I've dabbled in many languages such as Ruby, php, and Java. However I want to choose a language to really stick to master! What are your guyses preferred languages for coding websites/webapps? If you could put benefits as well as drawbacks to your favorite language as well that would be amazing!<p>-Thanks for your time
======
samlev
I've spent a lot of time working in PHP. I largely enjoyed my time, because it
provides a (mostly) easy-to-deploy, fast-to-develop platform for web
development. What it also provides is a maintenance nightmare. It promotes
sloppy coding, and the library of standard functions are horribly
inconsistent. Many people never run into this, but whe you really want to
design something properly, using strong OO ideas, then PHP just isn't up to
the task (type hinting is for objects only? what?).

Ruby I've never used personally, but it seems kinda popular. It doesn't have
the market penetration for deployment of PHP or python, though.

Python is my new favourite for web development due to a couple of very nice
frameworks. Django for when I want to build something fast, and don't care too
much about controlling the particulars like user management, etc. Pyramid for
when I want to develop something which will involve a lot of customising
parts. They both have their strengths and weaknesses, and what you use is both
personal preference, and should be decided based on the project.

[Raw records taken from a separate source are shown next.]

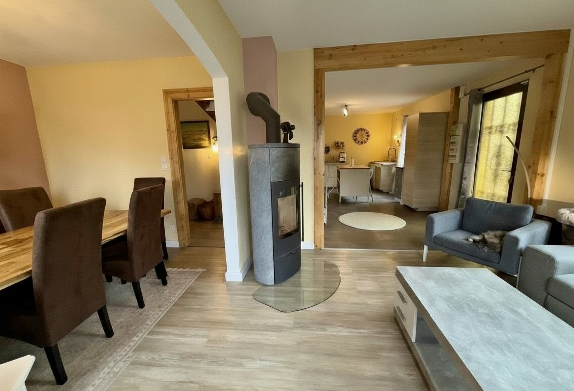 Le bien est équipé d’un chauffage par chaudière gaz à condensation récente, complété par un poêle à bois avec tubage récent. Les menuiseries sont en double et triple vitrage et l’électricité a été rénovée. La maison est également raccordée à la fibre.
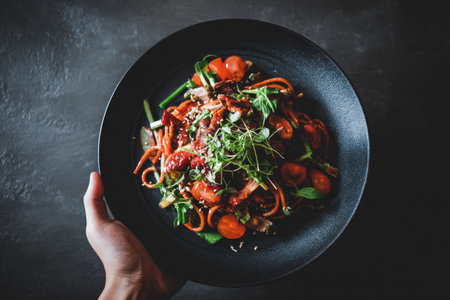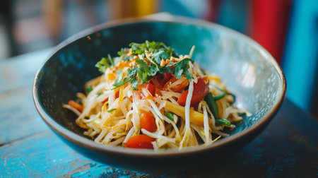 A vibrant bowl of freshly prepared vegetable salad with noodles and herbs, showcasing a colorful and appetizing meal ideal for a healthy dining experience.
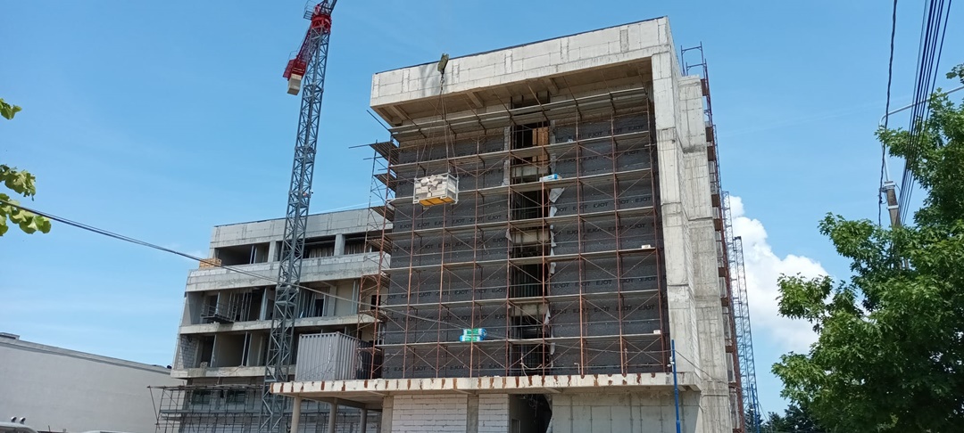 Structura de rezistenta a cladirii e gata de luni bune, s-au montat si geamurile, iar inca din februarie se lucreaza la finisaje, instalatii interioare si la realizarea utilitatilor la noua maternitate a Spitalului Judetean Timisoara.
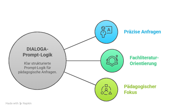 DIALOGA arbeitet mit einer klar vorstrukturierten Prompt-Logik. Lehrkräfte geben Thema und Zielsetzung ihrer Anfrage präzise an, etwa:
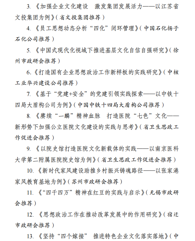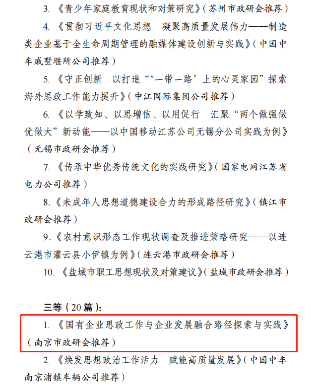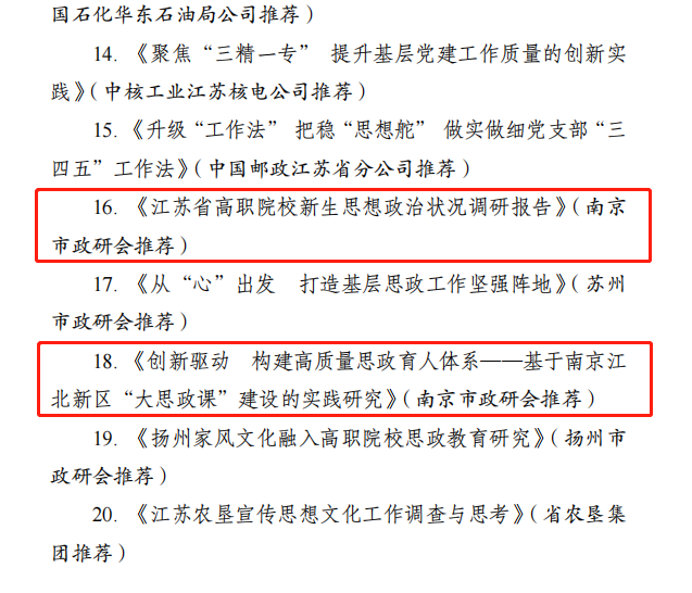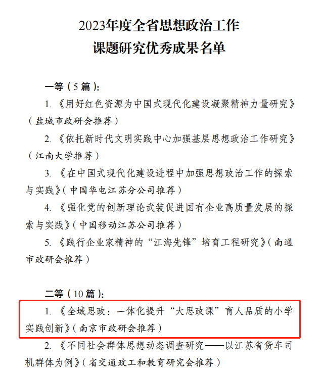 3月8日,2023年度全省思想政治工作课题研究优秀成果名单公布,378篇报送作品中,全省共评选出35篇入选作品,南京市政研会推荐作品中有4篇获奖。其中,《全域思政:一体化提升“大思政课”育人品质的小学实践创新》被评为二等优秀成果,《国有企业思政工作与企业发展融合路径探索与实践》《江苏省高职院校新生思想政治状况调研报告》《创新驱动 构建高质量思政育人体系——基于南京江北新区“大思政课”建设的实践研究》3篇作品被评为三等优秀成果。
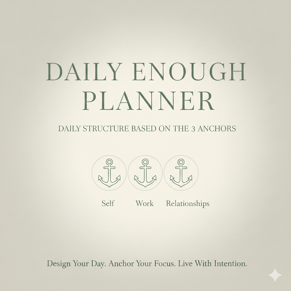 Enough Today is a practical daily system created for overwhelmed women struggling with guilt, burnout, and the constant pressure to do more.
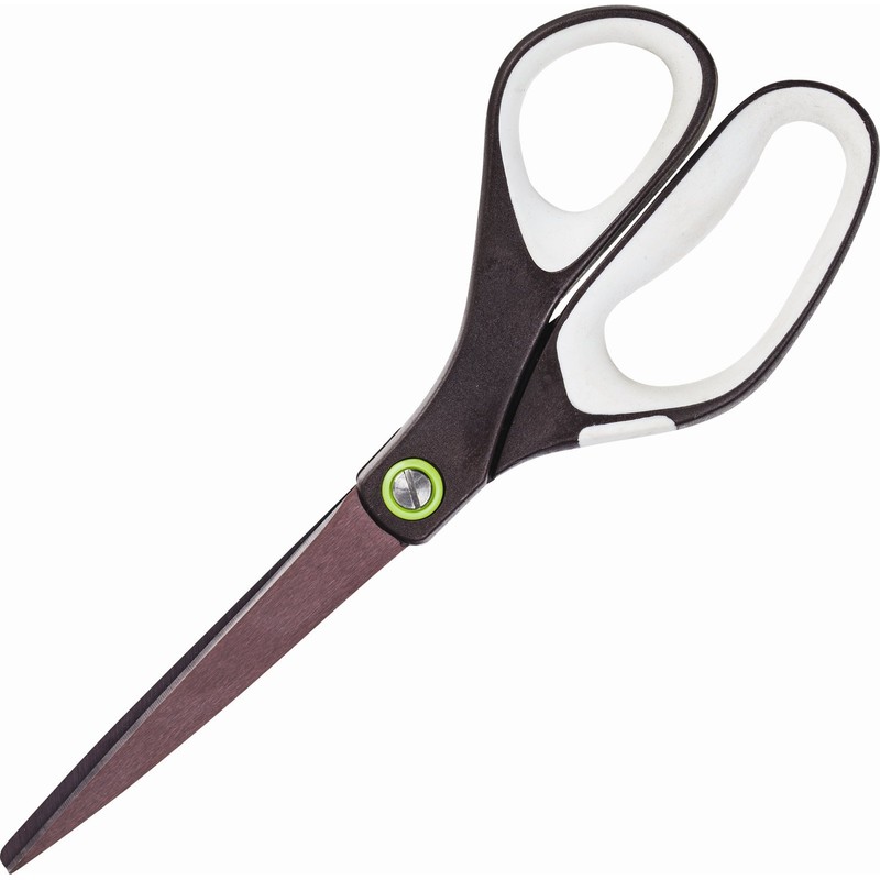 Канцелярские ножницы (офисные) Scotch «Анти-клей», подходящие для работы с различными материалами: бумага, картон, тонкий пластик, ткань, клейкая лента. Остроконечные лезвия, изготовленные из японской инструментальной стали с титановым покрытием, обладают повышенной прочностью. Дополнительное покрытие «анти-клей» исключает прилипание клейких частиц к поверхности металлической основы. Специальная конструкция крепления (металло-пластиковой муфты) в точке соединения лезвий выдерживает высокие нагрузки, обладает высокой долговечностью и обеспечивает плавность хода в течение всего срока эксплуатации. Эргономичные ручки анатомической формы оснащены прорезиненными манжетами белого цвета, предотвращающими скольжение пальцев. Не подвержены коррозии, даже при работе с материалами, содержащими растворы солей, щелочей, кислот. Длина ножниц — 20 cм.

Java - Oh, Java. GWT provides a nice way to build webapps with Java, but I'm
not a fan of using it to build 'page' based web applications. That's personal
preference, though, and I've got no good reasons not to use it - it just rubs
me the wrong way for web.

------
callahad
All of the modern languages are pretty capable, and learning any one of them
will make it easier to learn any other.

I'd suggest looking around and figuring out what people in your area are
using, then picking whichever one has the most active user group. Being
connected to real people in that language's community is a great way to stay
motivated and accelerate your learning.

------
pshc
Javascript.

Benefits:

\- Sharing code between client and server is a huge win

\- Less impedance mismatch glue code in general

\- V8 is really fast

\- Node.js makes me write everything streaming style which may reduce page
latency

Drawbacks:

\- Javascript (I like coffeescript but I _still_ write more bugs in CS than in
plain JS...)